The elimination of pairs is based on the following position: if the state q i and q j are equivalent, then the states in which the automaton goes under any input action are equivalent. This means that in the first step, it is necessary to note those pairs that are transformed into pairs consisting of different states and not present in the first column of the table. Since the indicated pairs cannot be equivalent, the next step marks all those pairs that go into the pairs marked in the previous step, etc. The process ends when among the unmarked couples there are no such that can be noted in accordance with the stated rule. After that, the unmarked pairs are equivalent pairwise states.
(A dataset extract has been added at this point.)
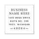 A professional custom branded self inking rubber stamp design for your business features the name of the company with return address in classic and elegant style typography.

In the example above, pairs (1, 8}, (3, 8} and {5, 8} are marked in the first step, {1.5} and {3, 5} in the second, {0, 4} in the third, {0, 6}, {2, 4), {2, 6}, {4,7} and {6, 7}. The unmarked pairs {0,2}, {0.7}, {1.3 are equivalent. }, {2,7} and (4,6), which form equivalence classes Q0 = (0, 2, 7}, Q1 = {1, 3} and Q2 = {4, 6). In addition, those not included in these the sets of states 5 and 8 form equivalence classes Q3 = {5} and Q4 = {8}. Denoting representatives of the resulting five classes, respectively, from 0 to 4, we obtain for the automaton under consideration a minimal form with five states and a general transition table (Table 5 .17).

Table 5.17 Table 5.18

It should be noted that an automaton whose all states are equivalent is reduced to an automaton with one state, that is, it is essentially a combinational circuit. An automaton, among which there are no equivalent states, is irreducible . If A 'is the minimal form of the automaton A, then it is unique and irreducible.